I want to buy one today cant make up my mind. Any input my ccw gun is a H&K uspc 40 want something smaller.


----------



## 2400 (Feb 4, 2006)

Welcome to the forum, glad you're here! New guy buys cigars. :smt033 

I deleted your duplicate post.


----------



## stetson (May 5, 2006)

I 'd take the glock 26 over the mp any day.I have looked at the mp and it 
was one of the pistols I was looking at when I purchased my glock.I still like 
SW99 line better than the mp line.


----------



## PenguinRunway (Apr 3, 2007)

I hate it when I ask people a question "A or B..." and they answer "C!!!" ... 

I'd get a P99

Between those two... I'd say I'd get an MP

I hate glocks, don't know why. I just dislike them. I have a poor opinion, don't know why I'm even posting haha. ... lonely I guess *sniff sniff*


----------



## 9x19 (Sep 19, 2006)

For me, it just doesn't get better than the Glock 26.


----------



## Mdnitedrftr (Aug 10, 2006)

Guess which one Im gonna tell you to go with... :mrgreen: 

In all seriousness though, I bought the M&Pc cause I liked the looks of it, I like the fact that it had an ambi mag release and slide lock, also because it just "fit" my hand, and thats probably the most important thing. I bought it without shooting it, and I do not regret it at all. Im more than happy with the gun, and out of the 3 guns I own, I carry the M&Pc the most. 

Ive shot the G26 before and didnt really care for it too much. Im sure its a good gun, just not for me.


----------



## Maximo (May 26, 2006)

Here is a shocker for you. I would go with the M&P9c. Reasons, compact, accessory rail, 12+1, black coated stainless steel, ambidextrous slide catch, quick change mag release, interchangeable back straps, light weight, accurate, visual loaded chamber indicator, and all this backed up by a lifetime warranty. Some will say there aren't a lot of accessories for it yet, but that is quickly changing, and it does not have a long track record yet infancies on Yet.


----------



## Glockamania® (Dec 21, 2006)

Try them both to see what fits and shoots right.

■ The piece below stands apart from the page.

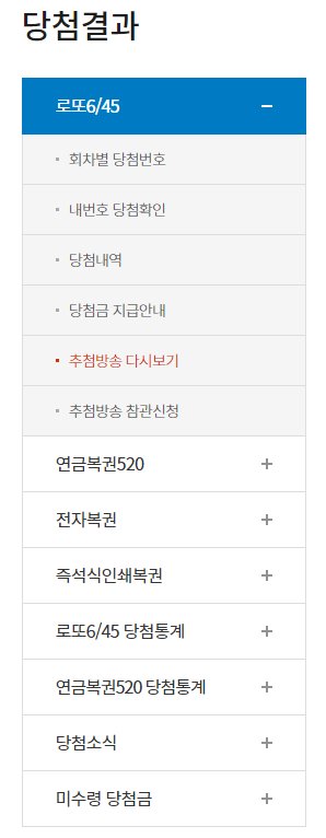 동행 복권 홈페이지에는 매주 로또복권 추첨방송 다시 보기 서비스를 제공하고 있다. 이뿐 아니라 그동안 추첨된 로또번호 통계 모음인 번호별 통계, 색상별 통계, 기간별 미출현 번호들을 확인할 수 있어 로도 마니아들이 많이 활용하고 있다.

Personally, I'd go for either the Glock 26/27.


----------



## The Lone Haranguer (Jan 26, 2007)

I had a Glock 27 and didn't care for the way it felt or shot. I have a M&P 9C and like it much better. It is a little larger than the mini-Glock but still very compact, certainly smaller than your present gun.


----------



## monsterdawg725 (Nov 16, 2006)

of the choises you give id take the g26 anyday as that is what ive been carrying up till this week when i got my xdsc but the 26 is still easier to conceal with just a tshirt on over shorts for me because the grip is shorter on the 26 even with a pearce grip extinsion on the mag.


----------